--- START ---

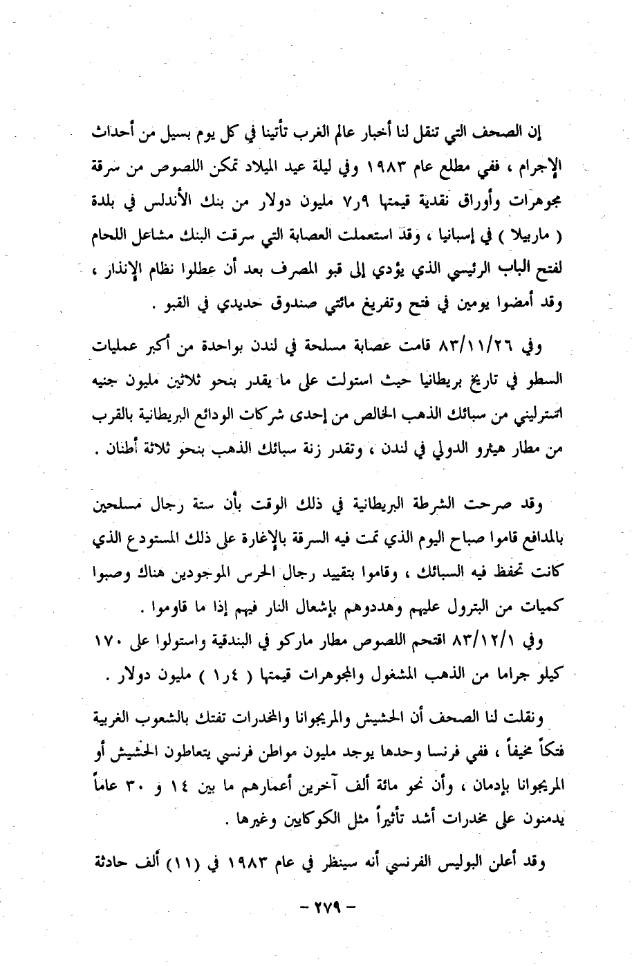 وفي 1/ 12 / 83 اقتحم اللصوص مطار ماركو في البندقية واستولوا على 170 كيلو جراما من الذهب المشغول والمجوهرات قيمتها (1.4) مليون دولار.
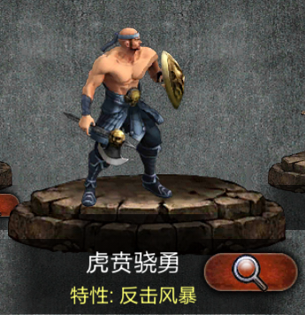 ①虎贲骁勇:反击风暴,受到攻击有25%的概率减免50%伤害,并使攻击方损失初始10%的兵力
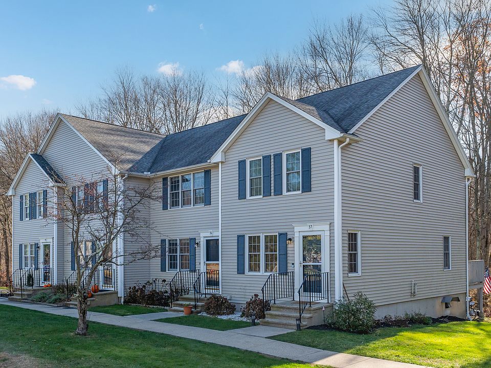 Thank you for your showings! Please submit offers (highest and best) by 8:00 on Sunday, 24 November 2024. Welcome to Pond Hollow, a private, well-kept complex surrounded by woods. This 2BR, 1.1BTH townhouse condo has been nicely updated and is move-in ready. New appliances, new floors, new baths, and neutral paint. On the first floor, you will find the living room, half bath, eat-in kitchen, and back deck. Upstairs, off of the landing with closet, there are two bedrooms with ample closet space and a shared full bath. The laundry is located in the lower, partially finished basement. The unit sits on the edge of the complex and backs to private woods. Enjoy peaceful, easy living at 36 White Tail Lane.
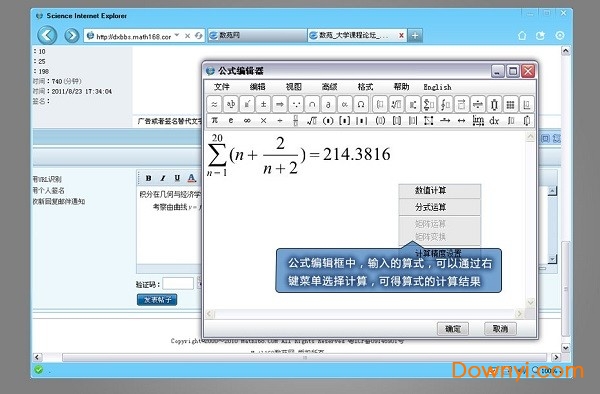 数苑科学浏览器science ie是数苑科技结合自行研发的网页公式与图形格式、基于ie核心开发的浏览器。本浏览器已集成了数苑网页公式编辑器sciyard mathplay和网页图形编辑器sciyard graphplay,免去了下载公式和图形编辑器的操作,从而极大地提高了公式和图形的解析速度。其体积小、不含广告插件,启动速度和浏览速度较其它浏览器快,并拥有屏蔽广告与恶意插件等实用功能。本浏览器可运行于各种语言版本的windows 系统平台中,用户可以windows操作系统支持的各种语言进行网络交互。
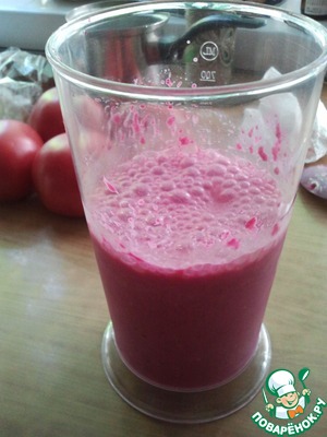 • В чашу блендера насыпаем свеклу, заливаем кефиром с бульоном 1:1. Хорошенько перебиваем.
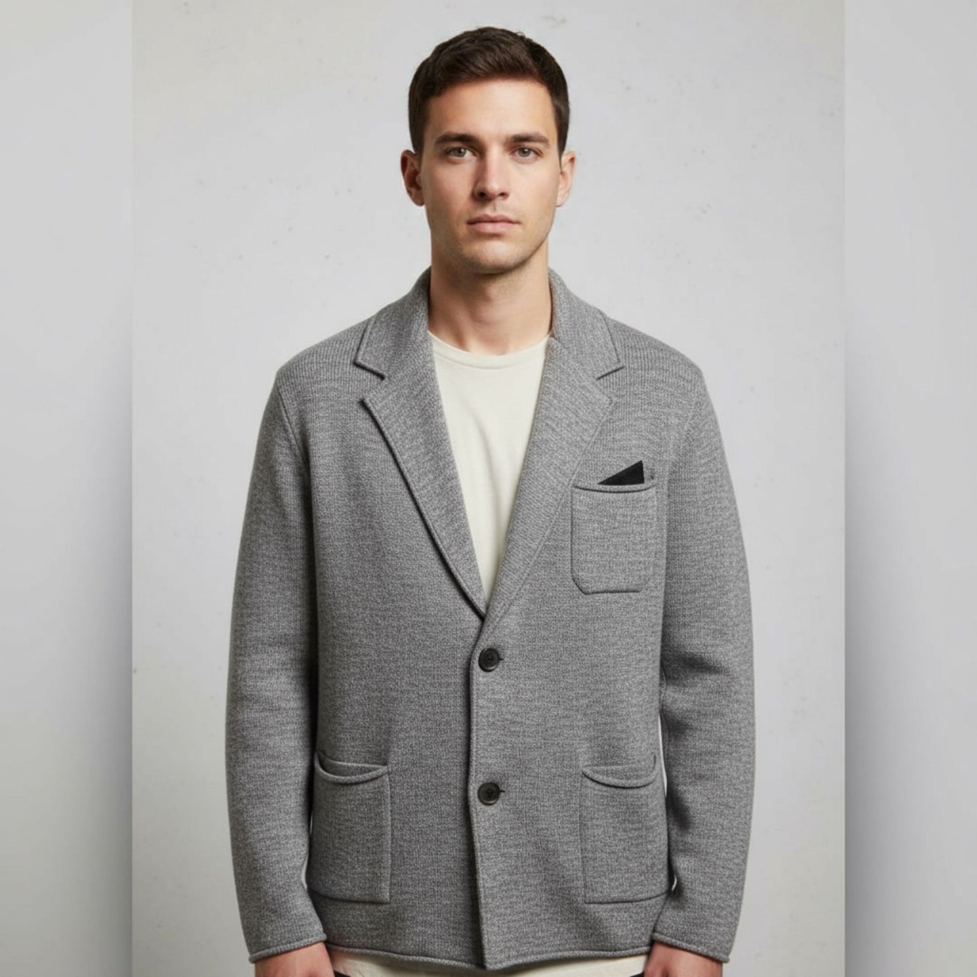 Cardigan uomo modello giacca in tessuto lavorato a maglia grossa misto lana. Collo modello giacca, chiusura con bottoni centrali in tinta. Taschino sul petto con fazzoletto abbinato, taschine sul davanti. Vestibilità regolare. Composizione tessuto 70% acrilico 30% lana.

--- END ---

_ACTIVITY_
Pictures do not go in the copy; print every entry exactly as it stands.

_SOLUTION FOR THIS EXERCISE_
 وفي 1/ 12 / 83 اقتحم اللصوص مطار ماركو في البندقية واستولوا على 170 كيلو جراما من الذهب المشغول والمجوهرات قيمتها (1.4) مليون دولار.
 ①虎贲骁勇:反击风暴,受到攻击有25%的概率减免50%伤害,并使攻击方损失初始10%的兵力
 Thank you for your showings! Please submit offers (highest and best) by 8:00 on Sunday, 24 November 2024. Welcome to Pond Hollow, a private, well-kept complex surrounded by woods. This 2BR, 1.1BTH townhouse condo has been nicely updated and is move-in ready. New appliances, new floors, new baths, and neutral paint. On the first floor, you will find the living room, half bath, eat-in kitchen, and back deck. Upstairs, off of the landing with closet, there are two bedrooms with ample closet space and a shared full bath. The laundry is located in the lower, partially finished basement. The unit sits on the edge of the complex and backs to private woods. Enjoy peaceful, easy living at 36 White Tail Lane.
 数苑科学浏览器science ie是数苑科技结合自行研发的网页公式与图形格式、基于ie核心开发的浏览器。本浏览器已集成了数苑网页公式编辑器sciyard mathplay和网页图形编辑器sciyard graphplay,免去了下载公式和图形编辑器的操作,从而极大地提高了公式和图形的解析速度。其体积小、不含广告插件,启动速度和浏览速度较其它浏览器快,并拥有屏蔽广告与恶意插件等实用功能。本浏览器可运行于各种语言版本的windows 系统平台中,用户可以windows操作系统支持的各种语言进行网络交互。
 • В чашу блендера насыпаем свеклу, заливаем кефиром с бульоном 1:1. Хорошенько перебиваем.
 Cardigan uomo modello giacca in tessuto lavorato a maglia grossa misto lana. Collo modello giacca, chiusura con bottoni centrali in tinta. Taschino sul petto con fazzoletto abbinato, taschine sul davanti. Vestibilità regolare. Composizione tessuto 70% acrilico 30% lana.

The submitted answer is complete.